La editorial Demipage publica en español 'La corrida del 1 de mayo', breve colección de hermosos textos en la que el polifacético creador galo dejó constancia de su fascinación por nuestro país

Jean Cocteu, fotografiado por Irving Penn.
Blas Fernández / Sevilla

28 de abril 2009 - 05:00

"Durante la corrida, que me sugería ideas confusas que no tenía intención de concretar, me encontraba tan fuera de lugar, un asiento en el tendido de piedra, como la toquilla negra del grupo dramático que, sobre mis rodillas, me envolvía como al objeto por medio de cual hacen sus viajes los mediums". La corrida acontecía el 1 de mayo de 1954 en la Real Maestranza de Sevilla, el torero era Dámaso Gómez y el espectador desdoblado, ese alucinado viajero astral, no era otro que el poeta, novelista, ensayista, cineasta, dramaturgo, pintor y académido francés Jean Cocteau.

De aquella fuerte impresión nació un texto, La corrida del 1 de mayo, publicado en Francia en 1957 y ahora editado en España por Demipage, respetando además, no podría ser de otro modo, las ilustraciones creadas por el propio Cocteau.

Breve colección de narraciones diversas, todas conectadas de una manera u otra con España, el volumen rescata la crónica, entre el costumbrismo, la polémica y la mirada lúcida, de su llegada a nuestro país en 1953 -Apuntes sobre un primer viaje a España-; homenajea en clave poética a Manolete; dedica unas breves pero intensa líneas a García Lorca -Carta de adiós a Federico- y sirve también para retratar tanto a su amigo Picasso como al parisino barrio de Montparnasse en su época de esplendor bohemio y creativo.

Sin embargo, es La corrida del 1 de mayo el texto troncal, en el que el polifacético e infatigable autor no sólo deja una personal y profunda visión de la tauromaquia, sino también afinadas reflexiones sobre Sevilla, que para el director de películas como La sangre de un poeta (1930), La bella y la bestia (1945) u Orpheus (1949) "ofrece dos aspectos tan contrastados que uno llega a preguntarse, al adentrarse en el viejo barrio, si cambiando de lugar no se cambia de tiempo, si el espacio-tiempo está inventando una nueva farsa y si una especie de Pompeya ha resistido al fuego de la tierra y el cielo, a las lavas que fluyen, a las cenizas grises que nos cubren".

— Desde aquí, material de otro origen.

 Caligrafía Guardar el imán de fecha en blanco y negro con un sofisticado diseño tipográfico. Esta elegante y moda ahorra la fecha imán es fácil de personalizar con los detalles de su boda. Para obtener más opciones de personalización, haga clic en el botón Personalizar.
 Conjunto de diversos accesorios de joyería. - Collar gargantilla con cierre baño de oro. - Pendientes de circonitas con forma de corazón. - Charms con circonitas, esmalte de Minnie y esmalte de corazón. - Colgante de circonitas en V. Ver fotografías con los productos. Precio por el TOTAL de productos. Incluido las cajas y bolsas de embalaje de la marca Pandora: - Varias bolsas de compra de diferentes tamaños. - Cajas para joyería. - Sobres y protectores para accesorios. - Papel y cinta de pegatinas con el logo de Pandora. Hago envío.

Observa el escritor galo que aquella antigua feria del Prado de San Sebastián inserta la ciudad vieja en la nueva, convirtiéndola en un "hervidero de trajes, jinetes y carros [...] Fieros centauros de torso inflexible, coronados con el sombrero gris perla o negro, con esas jovencitas a la grupa, enganchadas al rodrigón que es el jinete, y cuya magnificencia altanera recuerda a un remolino de rosas (remolino de rosas contra la pared de los hombre graves, la mano en la cadera)".

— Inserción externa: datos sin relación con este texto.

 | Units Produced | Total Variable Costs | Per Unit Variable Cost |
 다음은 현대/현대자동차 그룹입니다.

El Cocteau enemigo de la fealdad y amante de la belleza bordea peligrosamente el costumbrismo y se queda a un palmo de caer víctima del exotismo que fascinó a los viajeros románticos del XIX, un riesgo del que finalmente lo libra lo afilado de su intuición. "El barrio de Santa Cruz tiene de particular que no es una ciudad muerta y que los naranjos no perfuman ruinas. Sus jardines invisibles desbordan por las ventanas de fachadas tan limpias, tan elegantes, tan perfectas que se siente vergüenza. ¿Por qué funesto maleficio ha perdido el hombre esta gracia y este equilibrio?", se interpela con embeleso mientras observa los contrastes de una ciudad que, se diría que aún a día de hoy, parece condenada a debatirse entre su pasado y su presente sin prestar demasiada atención al futuro.

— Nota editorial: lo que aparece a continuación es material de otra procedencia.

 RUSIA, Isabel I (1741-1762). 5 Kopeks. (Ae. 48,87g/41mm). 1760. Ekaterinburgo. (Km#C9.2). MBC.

El talento inabarcable y a contracorriente, el hombre inagotable, se perfila así en su visión del otro, y es precisamente un otro el que nos deja un ajustado perfil de su personalidad. Escribe Antonio D. Olano en el prólogo de esta golosina con forma de libro: "Coincidieron un genio, Salvador Dalí, y un genial ingenio, Jean Cocteau, en el Museo del Prado. Escuché cómo respondían a una misma pregunta: Si se quemase el Prado ¿Qué salvaría usted del fuego? Cocteau respondió: El fuego. Dalí, más reflexivo, menos espontáneo dio su opinión: El aire del lienzo de Las Meninas de Velázquez".